Records contained in a dataset:
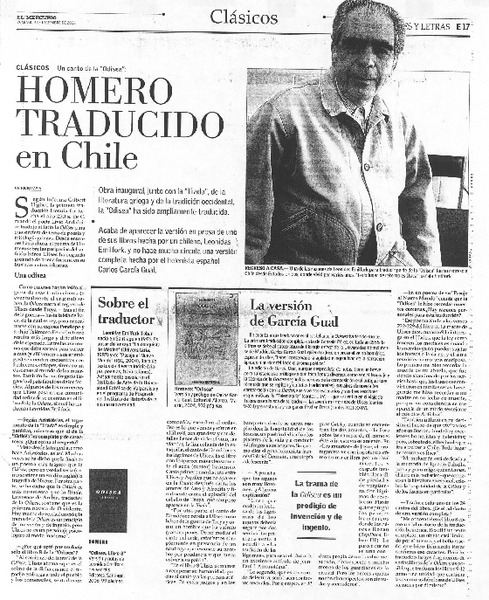Homero traducido en Chile (entrevista) [artículo] Patricio Tapia.
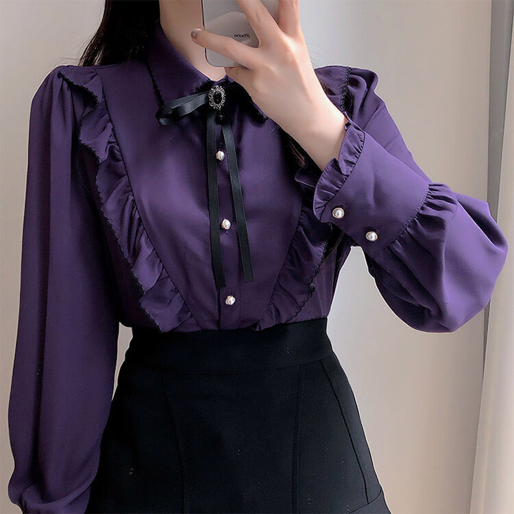 可愛い ブラウス おしゃれ 無地 かわ トップス シャツ ブラウス 続々登場 ダークパープル グリーン ホワイト S M L XL
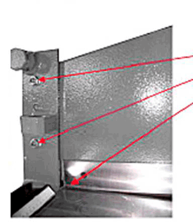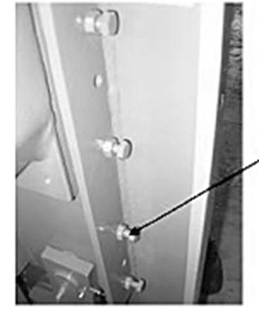 Регулировка заднего упора ножниц гильотинныx электромеханическиx МНГ 2,5х2500 выполняется на опорных осевых гайках М24. Валы заднего упора двигаются вперед пока не коснутся нижней поверхности ножа. Оба боковых вала должны касаться поверхности ножа. Если один из них остался спереди или сзади они должны быть выведены на один уровень.
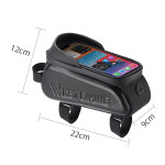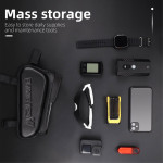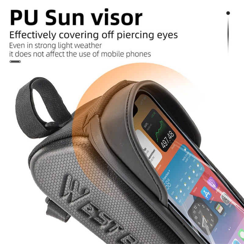 Designing smooth navigation and immediate access to tools is the main aim of this quick-release pannier. Made from a blend of EVA, leather and polyester, this unit offers water-repellent protection and resistance to wear and tear. Its TPU touch film allows the phone (up to 6.8 inches) to be used for GPS, and the integrated sun visor increases clarity in bright light. The bag has a capacity of 0.8 litres, enough for an external battery and a repair kit. The quick-fit system on the top tube ensures instant installation and removal.
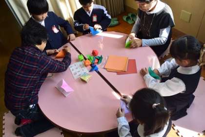紙ひこうき、けん玉、折り紙、こま、あやとりを楽しく教えてもらいました。
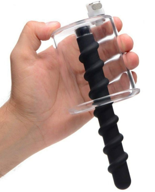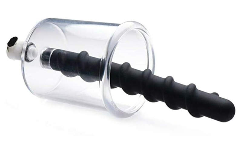 Ce cylindre pour rose anale est composé d'une longueur de 9 cm et un diamètre intérieur de 55 mm. L'insert en silicone mesure 15 cm de longueur insérable et 2.3 cm de largeur (forme torsadée). Avec une valve universelle pour brancher une pompe. Matière pl
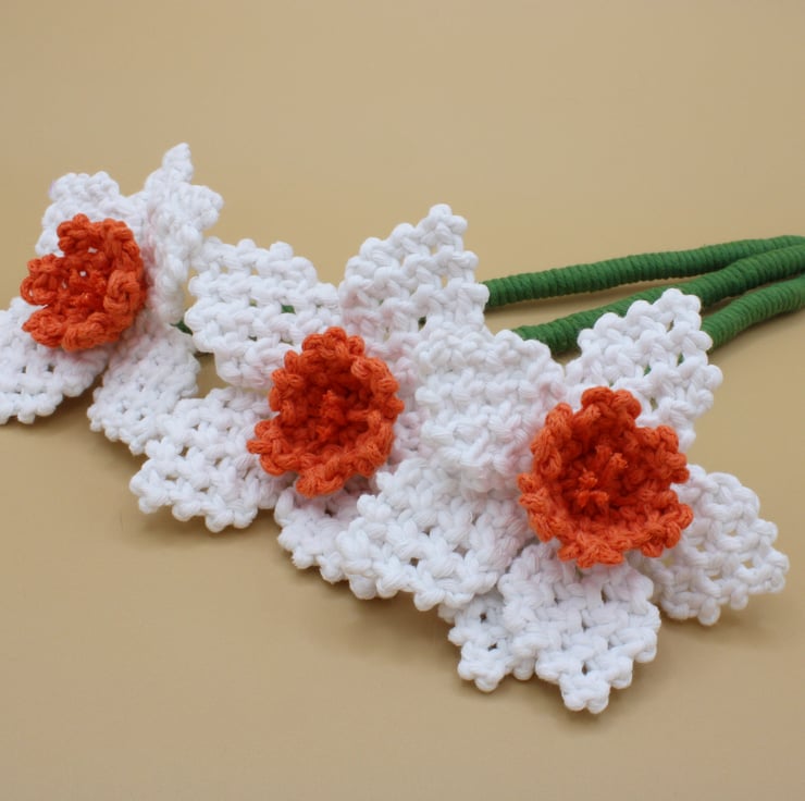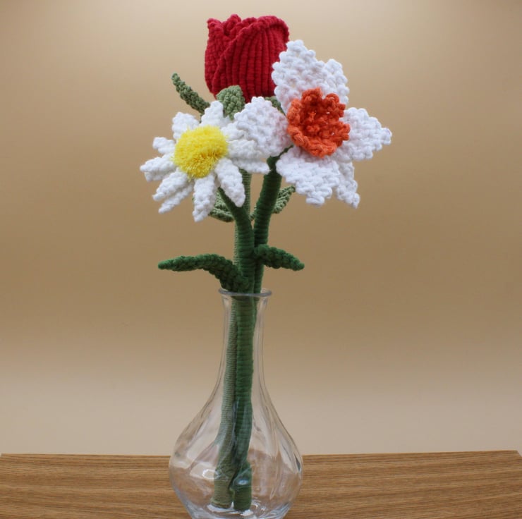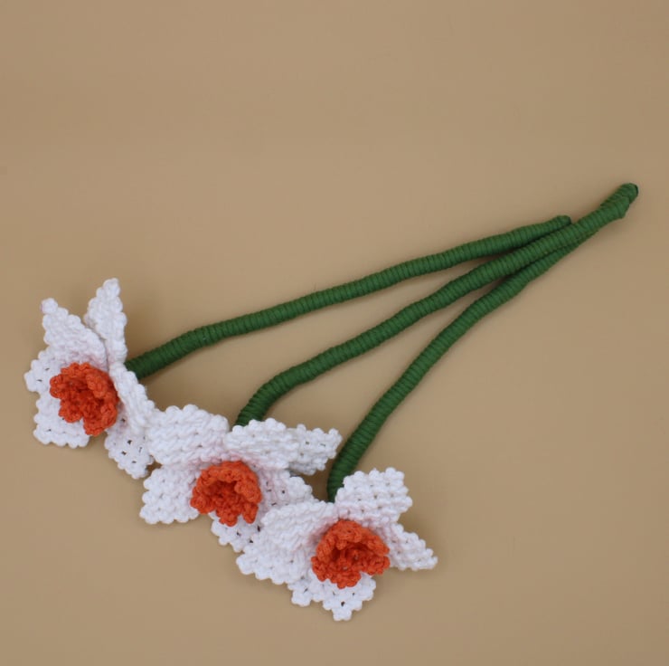 Each flower has been crafted from macramé knots with every knot tied by hand and piece of wire runs through the stem so that they are poseable.
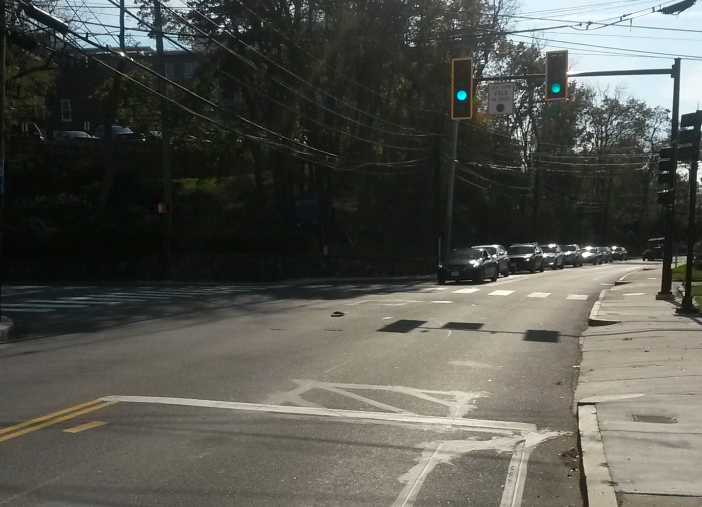 Another issue at this same intersection is that many westbound motorists pull forward past the stop line, but there is then no loop under their vehicle and the light does not change. Drivers do this so they can look left to check whether it is safe to turn right on red, but some also do it when they intend to travel straight across the intersection or turn left.
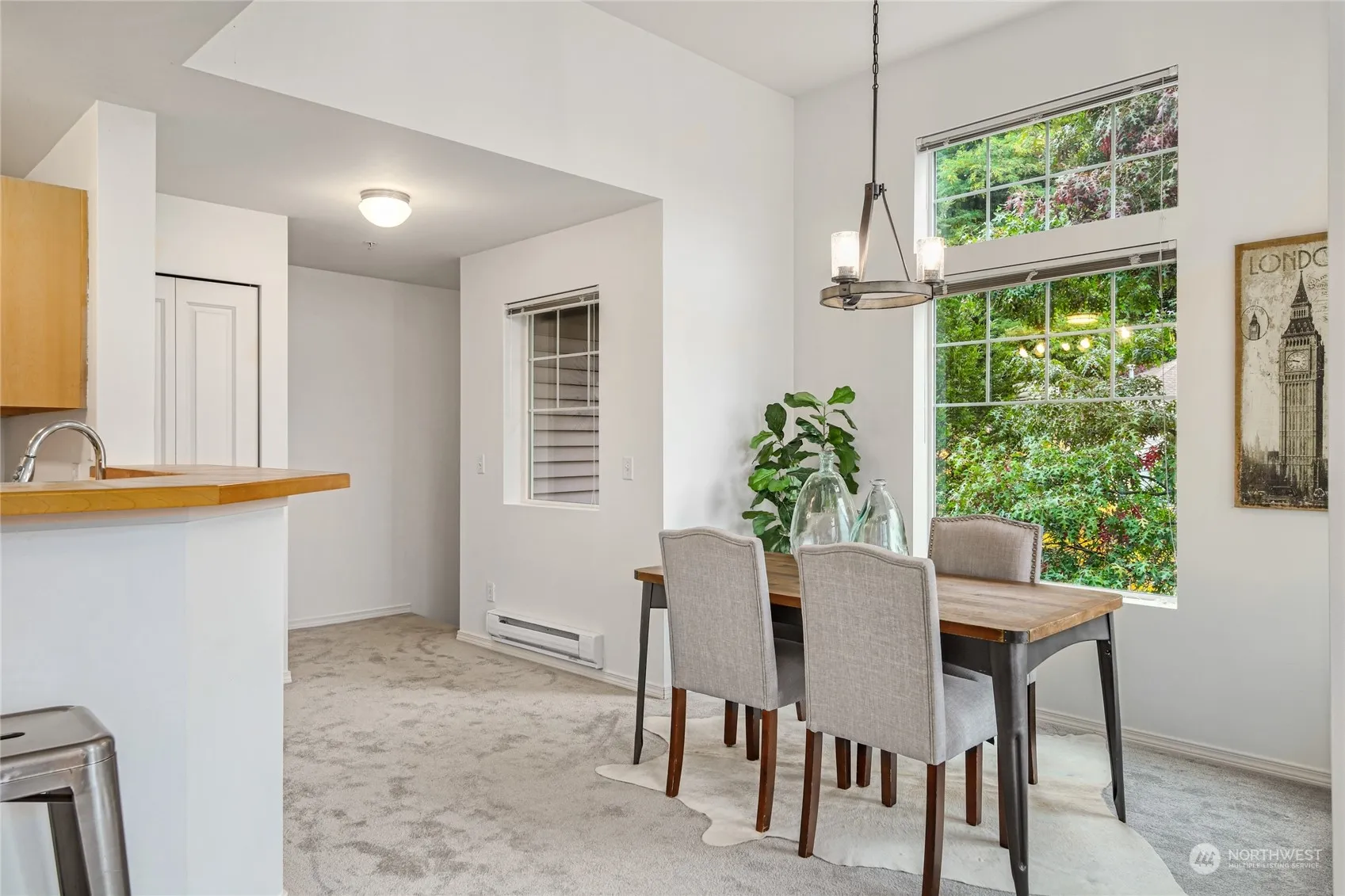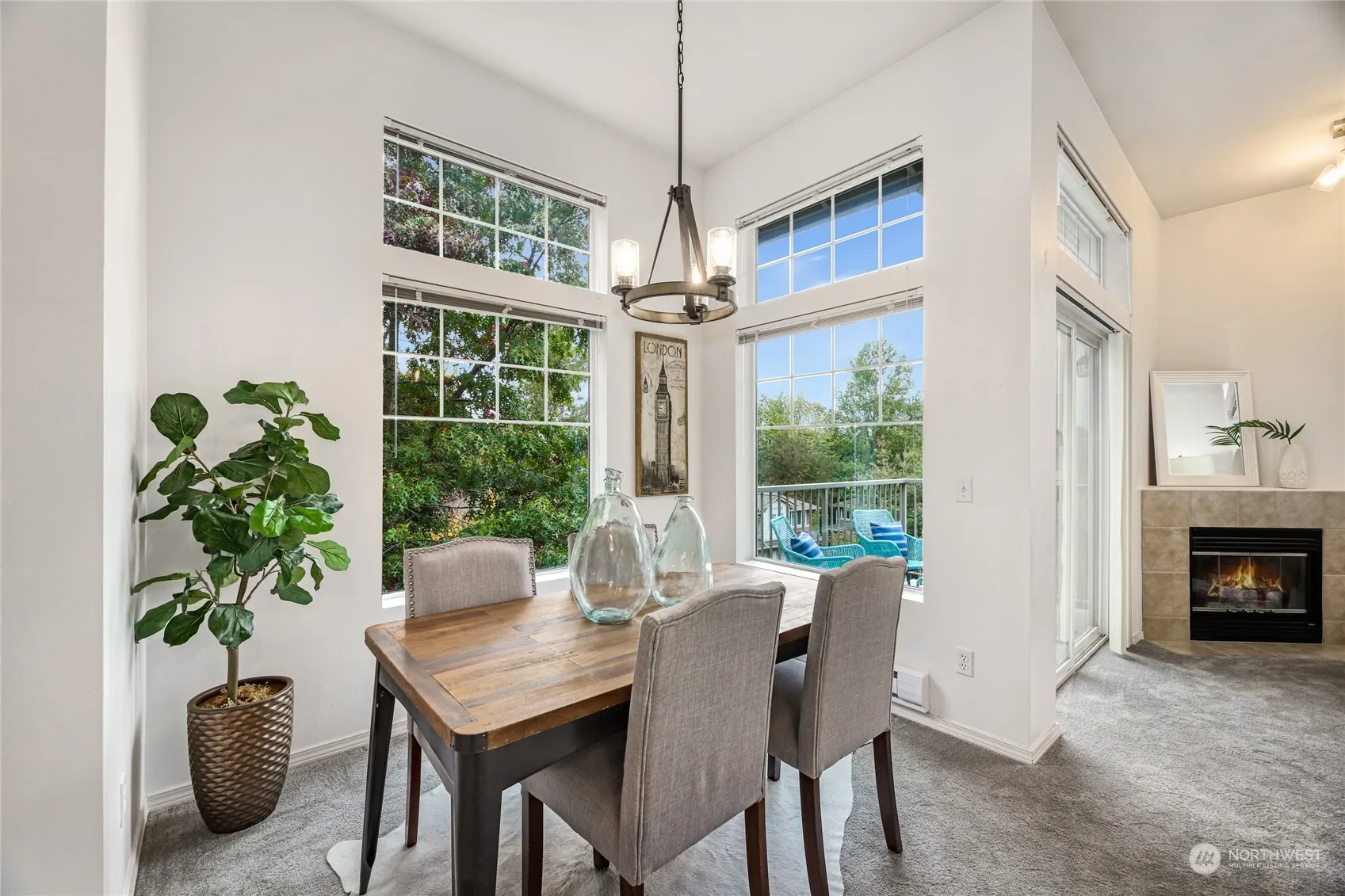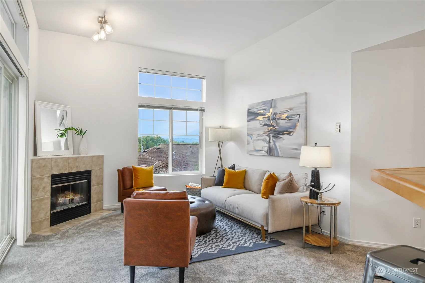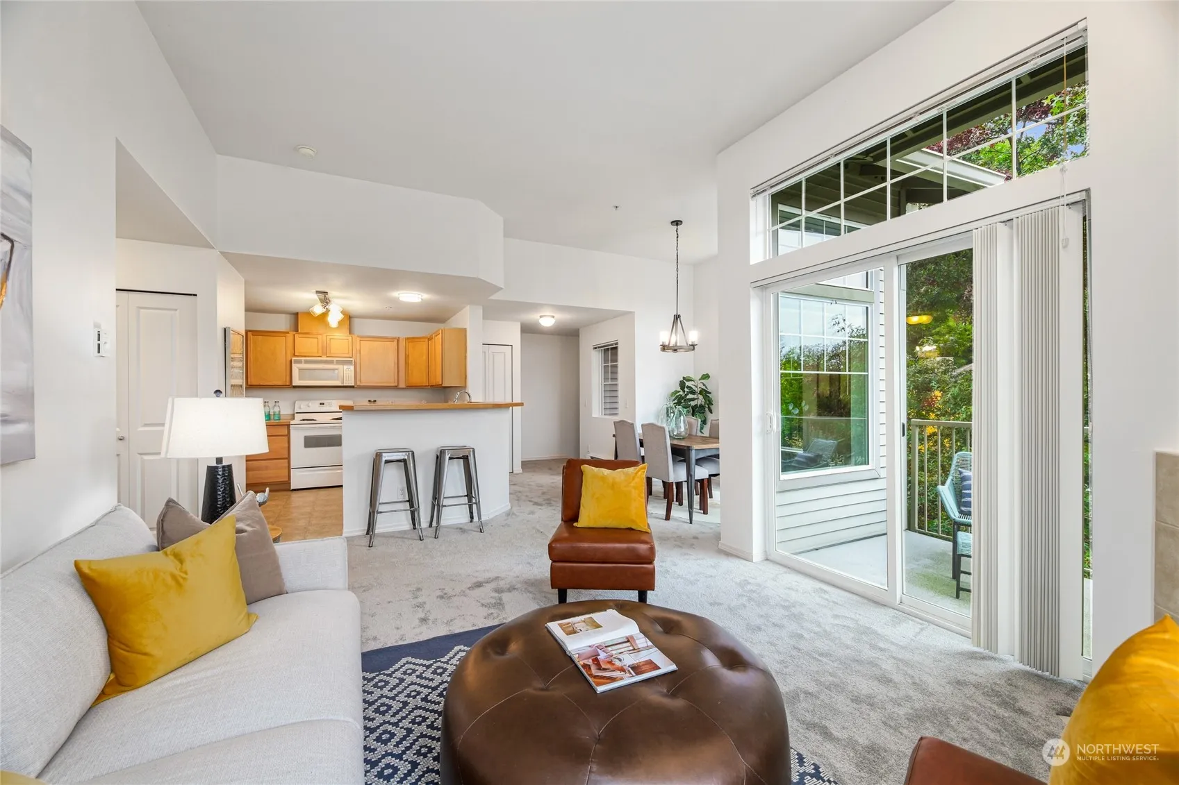 Experience easy living in this exceptional light-filled 2-bedroom top end unit. This serene and private townhome is located in the River Ridge community. It features soaring 10-foot ceilings & a spacious, open floor plan that feels like a single-story home. The bright, spacious kitchen opens to the dining area & family room w/ a scenic view deck. Huge primary bedroom w/ 5-piece bath & walk in closet. Large secondary bedroom & full hall bath. The expansive windows offer stunning panoramic views of Kent Valley & Cascades. Plenty of storage with attached, oversized one car garage. Full sized W/D. New carpet/paint 2022. Easy freeway access, just a 5-minute drive from the airport & Southcenter. Community playground & sports court. Low HOA dues.
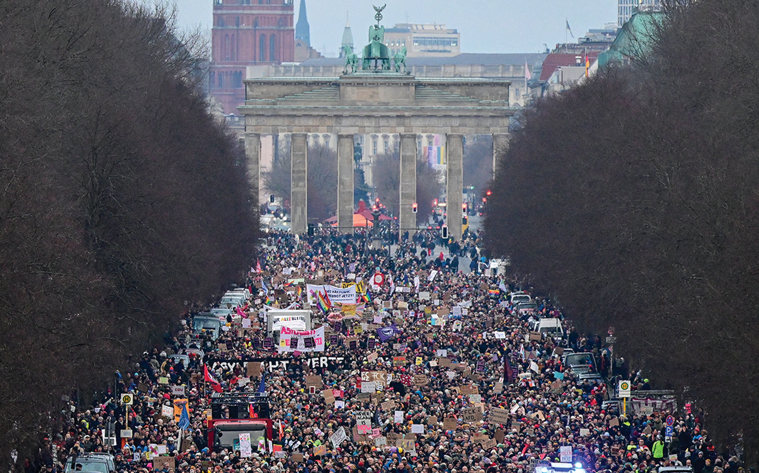 Hanya beberapa minggu di depan pemilihan nasional yang dijadwalkan untuk 23 Februari, lebih dari 160.000 orang berbaris di Berlin untuk memprotes kolaborasi antara partai oposisi tengah-kanan CDU dan partai kanan-kanan AFD. Pemimpin CDU Friedrich Merz mencari dukungan dari AFD untuk mengeluarkan resolusi yang menolak masuk ke imigran tidak berdokumen. Namun, para pengunjuk rasa pada tanggal 2 Februari Maret, mengecam langkah tersebut karena melanggar tabu tidak resmi untuk tidak bekerja dengan paling kanan. Merz berjanji untuk tidak menciptakan aliansi formal dengan AFD tetapi bersikeras bahwa membatasi imigrasi adalah prioritas. Serangkaian kejahatan kekerasan yang disalahkan pada orang asing telah mengintensifkan perdebatan tentang tingkat imigrasi Jerman yang tinggi. —Evangeline Schmitt
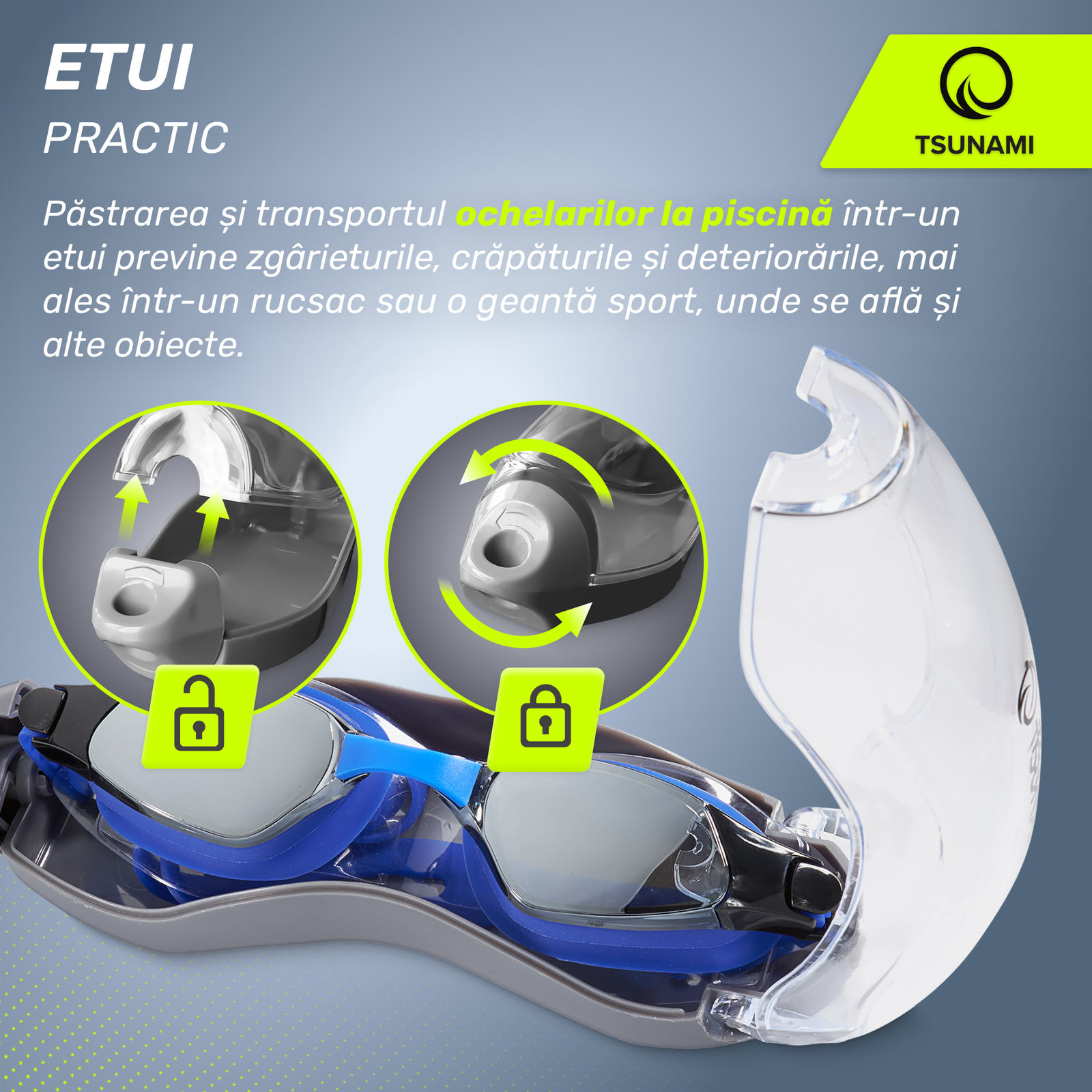 Ochelarii de înot TSUNAMI pentru piscină sunt alegerea ideală pentru înot atât în piscine, cât și în corpuri de apă deschise. Familiarizează-te cu parametrii produsului pentru a ajusta ochelarii la propriile nevoi.

WHAT TO PRODUCE: Without the pictures, reproduce the entries exactly.

RESPONSE FOR THIS EXERCISE:
Homero traducido en Chile (entrevista) [artículo] Patricio Tapia.
 可愛い ブラウス おしゃれ 無地 かわ トップス シャツ ブラウス 続々登場 ダークパープル グリーン ホワイト S M L XL
 Регулировка заднего упора ножниц гильотинныx электромеханическиx МНГ 2,5х2500 выполняется на опорных осевых гайках М24. Валы заднего упора двигаются вперед пока не коснутся нижней поверхности ножа. Оба боковых вала должны касаться поверхности ножа. Если один из них остался спереди или сзади они должны быть выведены на один уровень.
 Designing smooth navigation and immediate access to tools is the main aim of this quick-release pannier. Made from a blend of EVA, leather and polyester, this unit offers water-repellent protection and resistance to wear and tear. Its TPU touch film allows the phone (up to 6.8 inches) to be used for GPS, and the integrated sun visor increases clarity in bright light. The bag has a capacity of 0.8 litres, enough for an external battery and a repair kit. The quick-fit system on the top tube ensures instant installation and removal.
紙ひこうき、けん玉、折り紙、こま、あやとりを楽しく教えてもらいました。
 Ce cylindre pour rose anale est composé d'une longueur de 9 cm et un diamètre intérieur de 55 mm. L'insert en silicone mesure 15 cm de longueur insérable et 2.3 cm de largeur (forme torsadée). Avec une valve universelle pour brancher une pompe. Matière pl
 Each flower has been crafted from macramé knots with every knot tied by hand and piece of wire runs through the stem so that they are poseable.
 Another issue at this same intersection is that many westbound motorists pull forward past the stop line, but there is then no loop under their vehicle and the light does not change. Drivers do this so they can look left to check whether it is safe to turn right on red, but some also do it when they intend to travel straight across the intersection or turn left.
 Experience easy living in this exceptional light-filled 2-bedroom top end unit. This serene and private townhome is located in the River Ridge community. It features soaring 10-foot ceilings & a spacious, open floor plan that feels like a single-story home. The bright, spacious kitchen opens to the dining area & family room w/ a scenic view deck. Huge primary bedroom w/ 5-piece bath & walk in closet. Large secondary bedroom & full hall bath. The expansive windows offer stunning panoramic views of Kent Valley & Cascades. Plenty of storage with attached, oversized one car garage. Full sized W/D. New carpet/paint 2022. Easy freeway access, just a 5-minute drive from the airport & Southcenter. Community playground & sports court. Low HOA dues.
 Hanya beberapa minggu di depan pemilihan nasional yang dijadwalkan untuk 23 Februari, lebih dari 160.000 orang berbaris di Berlin untuk memprotes kolaborasi antara partai oposisi tengah-kanan CDU dan partai kanan-kanan AFD. Pemimpin CDU Friedrich Merz mencari dukungan dari AFD untuk mengeluarkan resolusi yang menolak masuk ke imigran tidak berdokumen. Namun, para pengunjuk rasa pada tanggal 2 Februari Maret, mengecam langkah tersebut karena melanggar tabu tidak resmi untuk tidak bekerja dengan paling kanan. Merz berjanji untuk tidak menciptakan aliansi formal dengan AFD tetapi bersikeras bahwa membatasi imigrasi adalah prioritas. Serangkaian kejahatan kekerasan yang disalahkan pada orang asing telah mengintensifkan perdebatan tentang tingkat imigrasi Jerman yang tinggi. —Evangeline Schmitt
 Ochelarii de înot TSUNAMI pentru piscină sunt alegerea ideală pentru înot atât în piscine, cât și în corpuri de apă deschise. Familiarizează-te cu parametrii produsului pentru a ajusta ochelarii la propriile nevoi.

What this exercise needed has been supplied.